## Aim of the task
Print, exactly and with no pictures, the line containing "Finger scrolling through" and each line after it to the end of the entries below.

## Records excerpted from a collection
::::
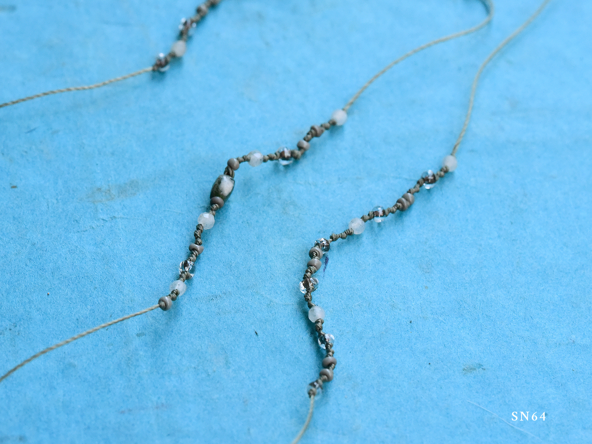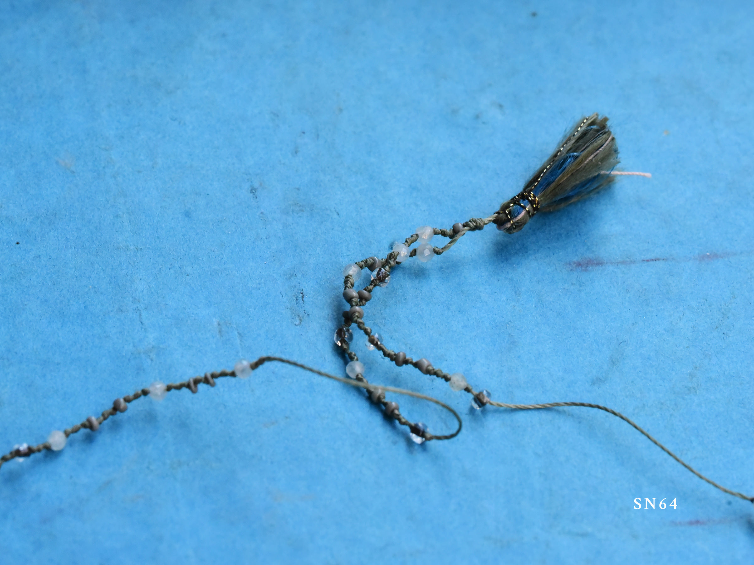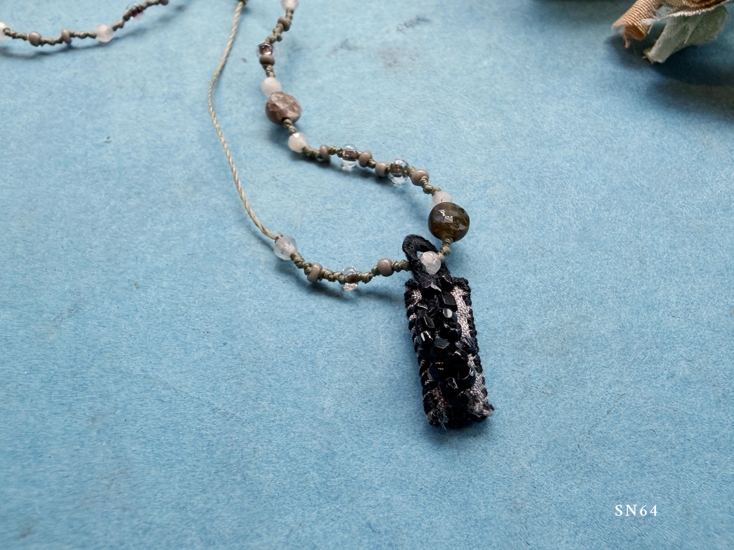 ビンテージの布やベネチアンビーズ、天然石などの天然のパーツ使用しているため、若干の傷や汚れなどがあるものもありますが、商品の個性であり、不良品ではありません。使われているパーツはとてもデリケートですので、濡らさないようお取り扱いには十分ご注意ください。
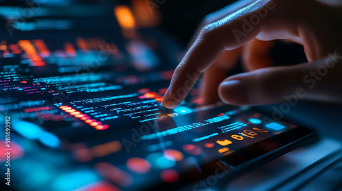 Finger scrolling through a screen of computer code.
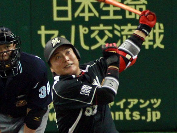 7番 李スンヨプ 空三振 2-1から真ん中低めに落ちるチェンジアップでタイミングを外した! ボールを前にこぼしたキャッチャー・里崎はすばやく拾って1塁に送球した。 |
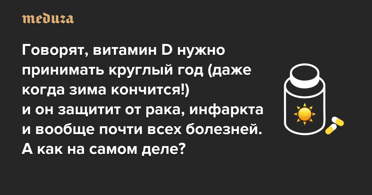 Говорят, витамин D нужно принимать круглый год (даже когда зима кончится!) и он защитит от рака, инфаркта и вообще почти всех болезней. А как на самом деле?
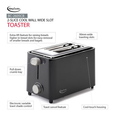 Betty Crocker 2 Slice Cool Wall Wide Slot Toaster
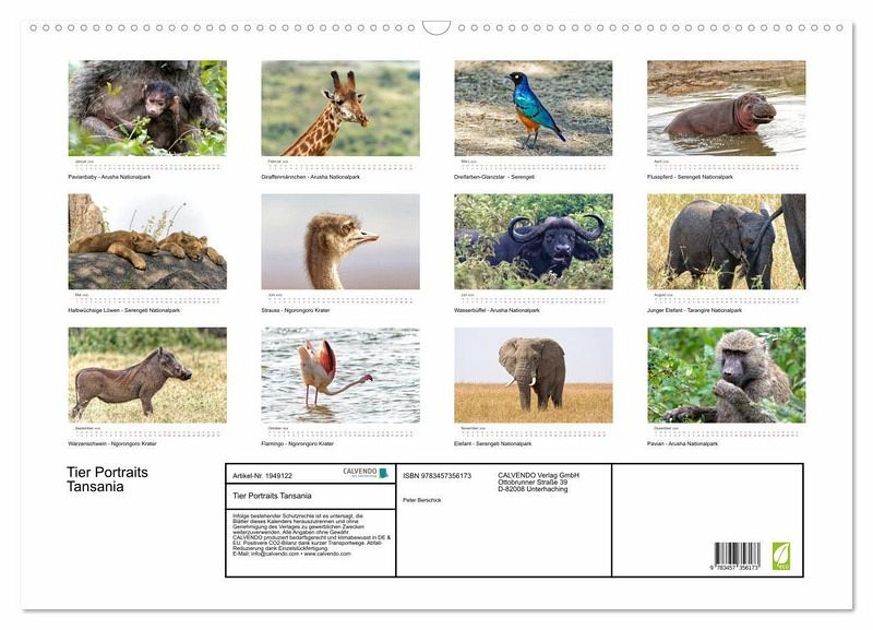 QUALITÄT - Hochwertiger Fotokalender mit 12 wunderschönen Motiven auf lichtbeständigem Bilderdruckpapier, robuste Spiralbindung mit Aufhängebügel.NACHHALTIG - deutliche Abfallreduzierung durch bedarfsgerechte Einzelstückfertigung, umweltfreundliches FSC-zertifiziertes Papier, Produktion in Deutschland, klimabewusste Logistik.PERFEKTES GESCHENK - Kalender für Freunde und Familie, für Kinder und Erwachsene, jung und alt, zu Weihnachten, Geburtstag oder zwischendurch.VIELFALT - Bildkalender in verschiedenen Formaten, z.B. DIN A5, DIN A4, DIN A3 sowie DIN A2. Ob Naturmotiv, Gemälde oder Fotos, ideal für ein persönliches Wohlfühlambiente.Die Schönheit und Einzigartigkeit der Tierwelt Tansanias eingefangen in ausdrucksstarken Bildern von Autor(in): Peter Berschick
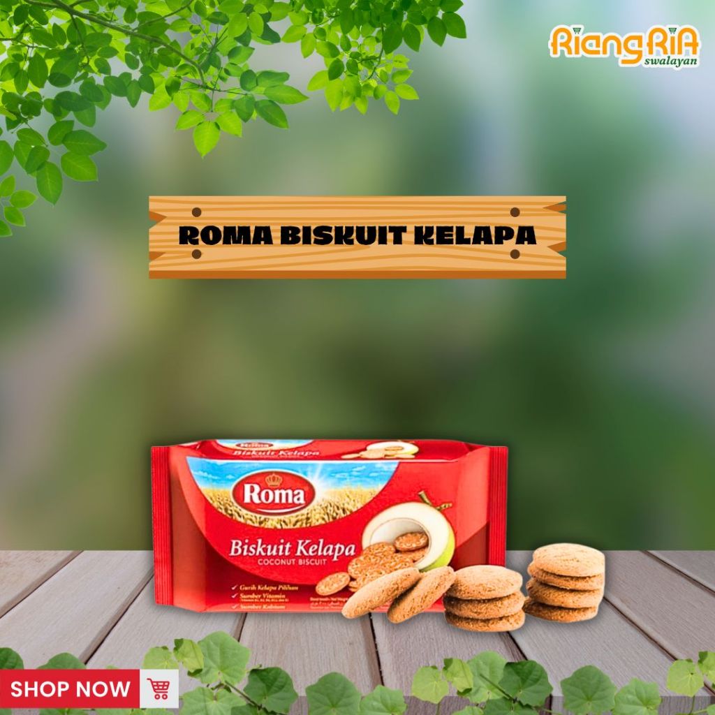 Roma Biskuit Kelapa 300 g adalah biskuit kelapa dengan rasa renyah dan gurih yang dihasilkan dari kelapa pilihan. Rasa kelapa asli dari Roma biskuit ini telah menjadi kesukaan banyak orang, baik di Indonesia atau pun di berbagai negara lain. Diperkaya dengan vitamin B1, B2, B6, B12, dan E, serta kalsium, biskuit Roma Kelapa ini akan menjadi teman biskuit kelapa yang sehat untuk Anda. Jalani hari-hari bersama kerenyahan biskuit Roma Kelapa, teman yang baik untuk Anda.
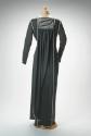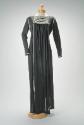 The black dress also features a beaded yoke by Lesley Hogger and is trimmed with crystal beaded braid. This dress was worn by Bill's business partner, Kate Franklin. Dated to 1975.
::::
## Reply
 Finger scrolling through a screen of computer code.
 7番 李スンヨプ 空三振 2-1から真ん中低めに落ちるチェンジアップでタイミングを外した! ボールを前にこぼしたキャッチャー・里崎はすばやく拾って1塁に送球した。 |
 Говорят, витамин D нужно принимать круглый год (даже когда зима кончится!) и он защитит от рака, инфаркта и вообще почти всех болезней. А как на самом деле?
 Betty Crocker 2 Slice Cool Wall Wide Slot Toaster
 QUALITÄT - Hochwertiger Fotokalender mit 12 wunderschönen Motiven auf lichtbeständigem Bilderdruckpapier, robuste Spiralbindung mit Aufhängebügel.NACHHALTIG - deutliche Abfallreduzierung durch bedarfsgerechte Einzelstückfertigung, umweltfreundliches FSC-zertifiziertes Papier, Produktion in Deutschland, klimabewusste Logistik.PERFEKTES GESCHENK - Kalender für Freunde und Familie, für Kinder und Erwachsene, jung und alt, zu Weihnachten, Geburtstag oder zwischendurch.VIELFALT - Bildkalender in verschiedenen Formaten, z.B. DIN A5, DIN A4, DIN A3 sowie DIN A2. Ob Naturmotiv, Gemälde oder Fotos, ideal für ein persönliches Wohlfühlambiente.Die Schönheit und Einzigartigkeit der Tierwelt Tansanias eingefangen in ausdrucksstarken Bildern von Autor(in): Peter Berschick
 Roma Biskuit Kelapa 300 g adalah biskuit kelapa dengan rasa renyah dan gurih yang dihasilkan dari kelapa pilihan. Rasa kelapa asli dari Roma biskuit ini telah menjadi kesukaan banyak orang, baik di Indonesia atau pun di berbagai negara lain. Diperkaya dengan vitamin B1, B2, B6, B12, dan E, serta kalsium, biskuit Roma Kelapa ini akan menjadi teman biskuit kelapa yang sehat untuk Anda. Jalani hari-hari bersama kerenyahan biskuit Roma Kelapa, teman yang baik untuk Anda.
 The black dress also features a beaded yoke by Lesley Hogger and is trimmed with crystal beaded braid. This dress was worn by Bill's business partner, Kate Franklin. Dated to 1975.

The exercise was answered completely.